### DESCRIPTION OF THE TASK:
Each line in the material below must be transcribed exactly; no picture belongs in the copy.

### INFORMATION SHOWN:
------------------------

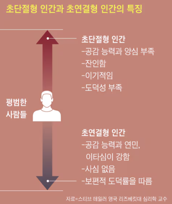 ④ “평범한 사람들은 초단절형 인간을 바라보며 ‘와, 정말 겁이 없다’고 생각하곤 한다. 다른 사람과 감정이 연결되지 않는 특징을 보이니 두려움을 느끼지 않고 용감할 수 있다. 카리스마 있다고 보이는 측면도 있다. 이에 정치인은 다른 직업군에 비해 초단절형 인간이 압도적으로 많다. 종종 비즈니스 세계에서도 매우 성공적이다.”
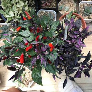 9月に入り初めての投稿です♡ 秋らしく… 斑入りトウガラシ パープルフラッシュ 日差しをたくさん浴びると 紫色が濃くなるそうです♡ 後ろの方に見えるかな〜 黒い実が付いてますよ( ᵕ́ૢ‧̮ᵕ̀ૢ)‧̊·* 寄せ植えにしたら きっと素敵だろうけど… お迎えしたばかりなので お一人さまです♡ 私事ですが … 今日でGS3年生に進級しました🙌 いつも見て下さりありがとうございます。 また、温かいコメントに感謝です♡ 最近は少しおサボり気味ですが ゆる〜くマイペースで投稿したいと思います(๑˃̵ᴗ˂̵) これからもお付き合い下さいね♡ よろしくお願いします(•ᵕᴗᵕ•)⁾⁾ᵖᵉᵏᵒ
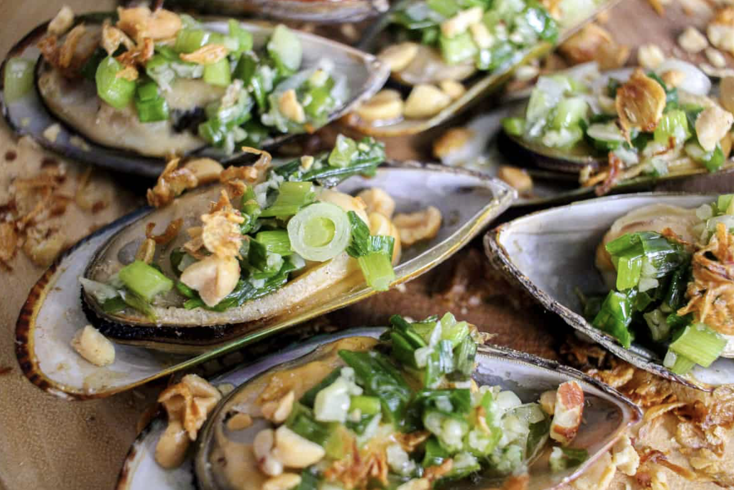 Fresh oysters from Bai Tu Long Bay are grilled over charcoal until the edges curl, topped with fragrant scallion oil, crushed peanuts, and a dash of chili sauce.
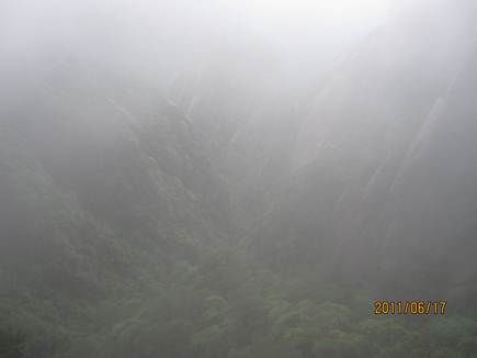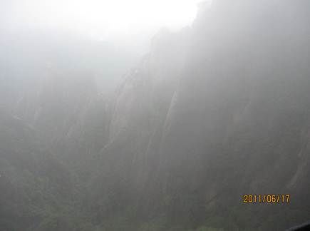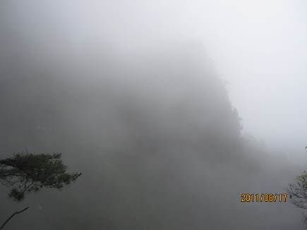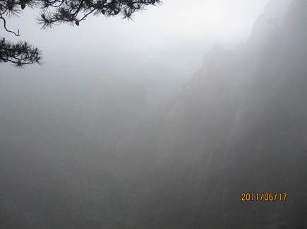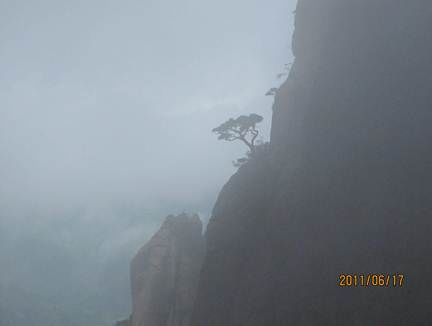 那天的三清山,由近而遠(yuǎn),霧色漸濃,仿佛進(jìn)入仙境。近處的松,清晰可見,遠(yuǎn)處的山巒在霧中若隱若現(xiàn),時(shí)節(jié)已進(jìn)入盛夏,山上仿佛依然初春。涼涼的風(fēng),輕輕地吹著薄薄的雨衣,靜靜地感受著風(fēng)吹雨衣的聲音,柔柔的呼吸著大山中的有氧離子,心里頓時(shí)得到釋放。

------------------------

### ANSWER SECTION:
 ④ “평범한 사람들은 초단절형 인간을 바라보며 ‘와, 정말 겁이 없다’고 생각하곤 한다. 다른 사람과 감정이 연결되지 않는 특징을 보이니 두려움을 느끼지 않고 용감할 수 있다. 카리스마 있다고 보이는 측면도 있다. 이에 정치인은 다른 직업군에 비해 초단절형 인간이 압도적으로 많다. 종종 비즈니스 세계에서도 매우 성공적이다.”
 9月に入り初めての投稿です♡ 秋らしく… 斑入りトウガラシ パープルフラッシュ 日差しをたくさん浴びると 紫色が濃くなるそうです♡ 後ろの方に見えるかな〜 黒い実が付いてますよ( ᵕ́ૢ‧̮ᵕ̀ૢ)‧̊·* 寄せ植えにしたら きっと素敵だろうけど… お迎えしたばかりなので お一人さまです♡ 私事ですが … 今日でGS3年生に進級しました🙌 いつも見て下さりありがとうございます。 また、温かいコメントに感謝です♡ 最近は少しおサボり気味ですが ゆる〜くマイペースで投稿したいと思います(๑˃̵ᴗ˂̵) これからもお付き合い下さいね♡ よろしくお願いします(•ᵕᴗᵕ•)⁾⁾ᵖᵉᵏᵒ
 Fresh oysters from Bai Tu Long Bay are grilled over charcoal until the edges curl, topped with fragrant scallion oil, crushed peanuts, and a dash of chili sauce.
 那天的三清山,由近而遠(yuǎn),霧色漸濃,仿佛進(jìn)入仙境。近處的松,清晰可見,遠(yuǎn)處的山巒在霧中若隱若現(xiàn),時(shí)節(jié)已進(jìn)入盛夏,山上仿佛依然初春。涼涼的風(fēng),輕輕地吹著薄薄的雨衣,靜靜地感受著風(fēng)吹雨衣的聲音,柔柔的呼吸著大山中的有氧離子,心里頓時(shí)得到釋放。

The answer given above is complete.